The next time you pass through the rotunda in the College of Charleston’s Addlestone Library, look up.

Beginning Dec. 18, 2019, studious Cougars have a new companion: Dorudon atrox.

Latin for “spear-tooth,” Dorudon lived up to its name. With its razor-sharp triangular teeth, an observer might confuse it for a marine reptile.

They’d be forgiven; for many decades, scientists mistook similar fossils for those belonging to giant reptiles.

Sarah Boessenecker oversees the installation of the whale skeleton in the Addlestone Library

Sarah Boessenecker oversees the installation of the whale skeleton in the Addlestone Library. (Photo by Heather Moran)

Dorudon was a true sea monster that patrolled the prehistoric coast of South Carolina,” says Scott Persons, assistant professor of geology and curator of the College’s Mace Brown Museum of Natural History.

But the 20-foot skeletal cast calling the Rotunda home for the next year represents a profound moment in the evolutionary history not of dinosaurs, but of mammals: Dorudon were among the first fully-marine whales.

The first fossils of Dorodon were discovered in South Carolina, but the ancient whale swam throughout the prehistoric North Atlantic. This specific Dorudon cast is based on two different skeletons excavated nearly three decades ago in Egypt, in an area nicknamed the “Valley of the Whales.”

For many years, it hung in San Francisco’s Discovery Channel Store before being rescued by paleoichthyologist Douglas J. Long.

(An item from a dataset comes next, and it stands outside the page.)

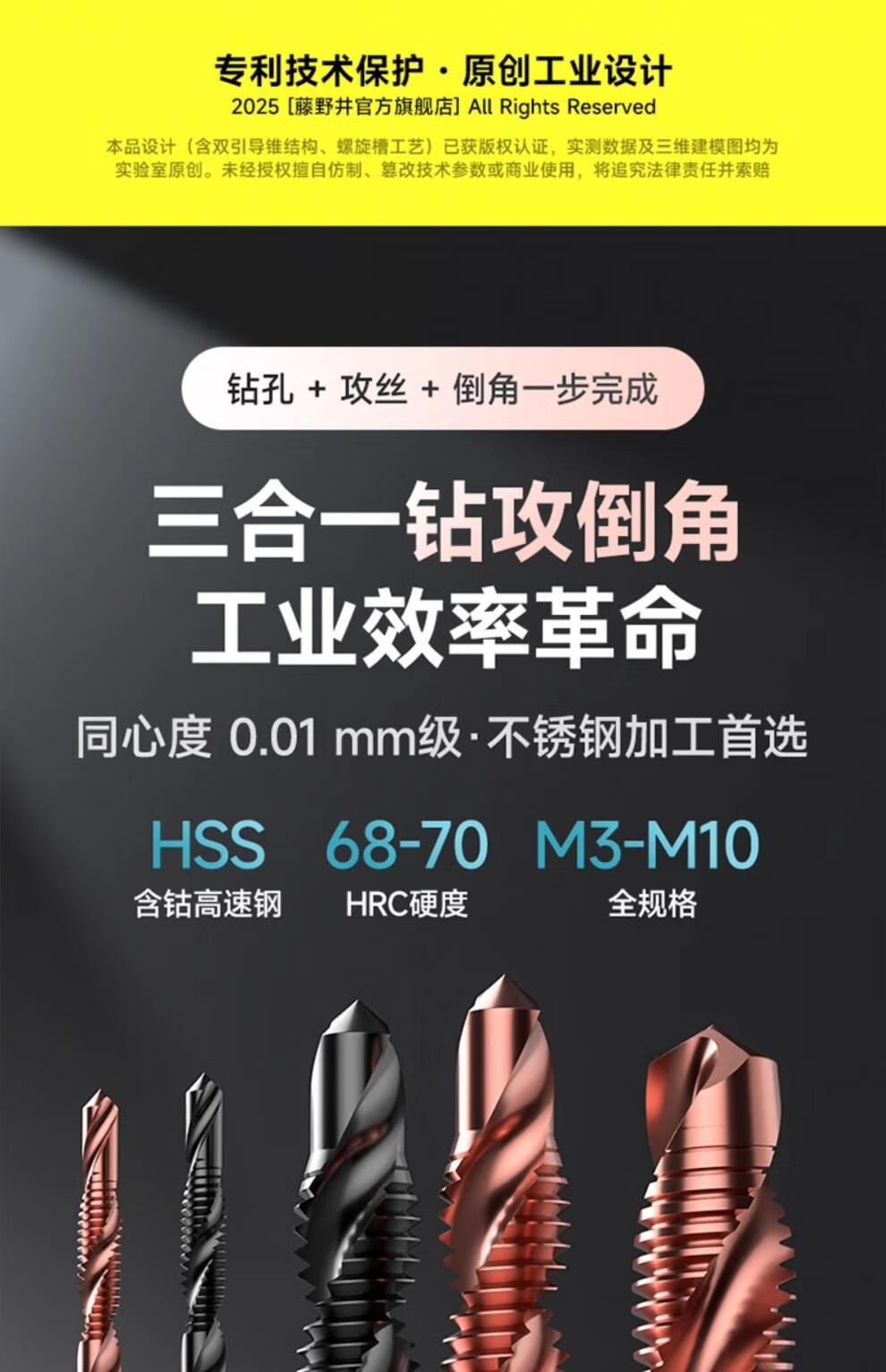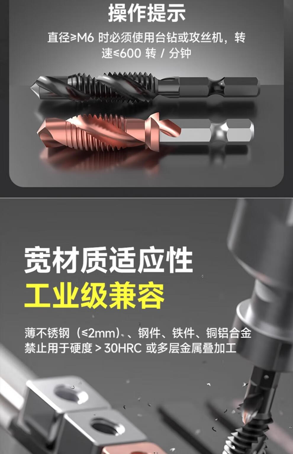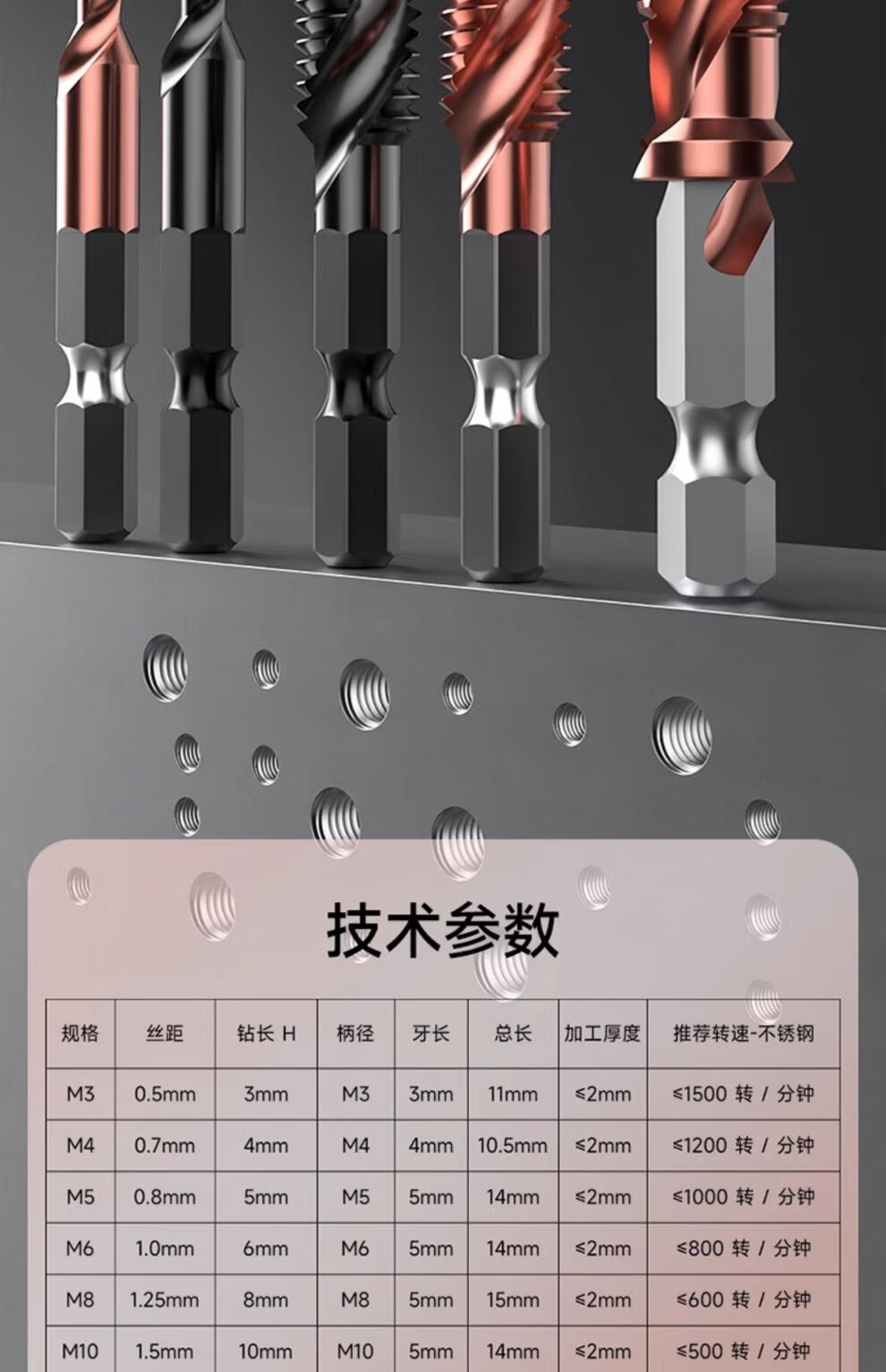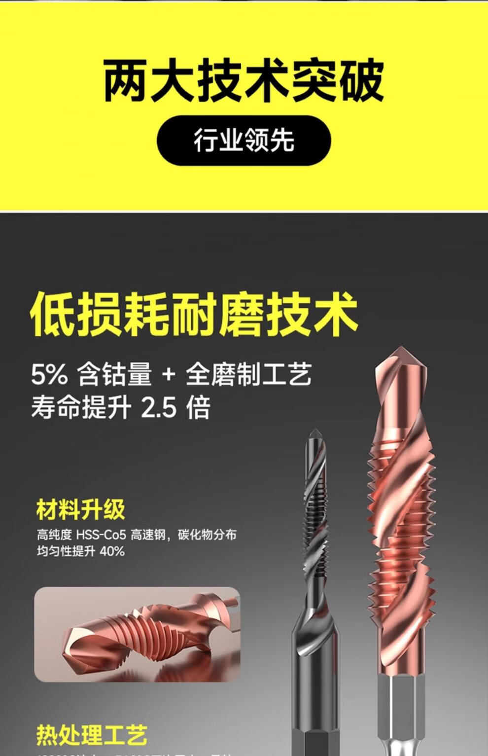 Fujinoi drilling, tapping and punching integrated three-in-one composite wire tapping cone power wire cobalt-containing drill bit for tapping stainless steel M3-M10 cobalt-plated industrial grade 6-piece set

He assigned it a crucial task.

After leaving Discovery, “this whale spent the next 15 years guarding over a hoard of precious rum in Doug’s Tiki Bar, where it was named ‘Manaia’ – a mythological creature in the Maori culture that is a guardian against evil and serves as a messenger between the world of the living and the dead,” says Robert Boessenecker, marine mammal paleontologist in the College’s Department of Geology and Environmental Geosciences and a friend of Long’s. “It’s quite an apt assignment for a spectacular 36-million-year-old skeleton that will be teaching students about the past earth long into the future!”

But what do we know about this mysterious animal from millennia ago? What does it reveal about modern whales? What can it teach us about the trials and triumphs of mammal-life itself?

***

Bobby Boessenecker

Robert Boessenecker cleans the teeth of the Dorudon skeleton. (Photo provided)

Trace the evolution of whales far enough back and you’ll find yourself not in the open ocean, but on land. As mammals, all whales – and dolphins and porpoises – descend from land-dwellers.

Scientists have determined that whales’ ancestors were furry, wolf-sized fish-eaters living in rivers and lakes 50 million years ago. As they slowly adapted to aquatic life, these creatures discarded some of their mammalian characteristics and retained others.

Dorudon descended from these transitional animals and were still in evolutionary flux.

“Unlike modern whales, Dorudon still has a tiny set of vestigial back legs, which you can spot dangling at the skeleton’s rear,” says Persons. “And there are a number of cool features to look for on the skeleton. In the jaws, you can see several different kinds of teeth, for puncturing and cutting prey in different ways.”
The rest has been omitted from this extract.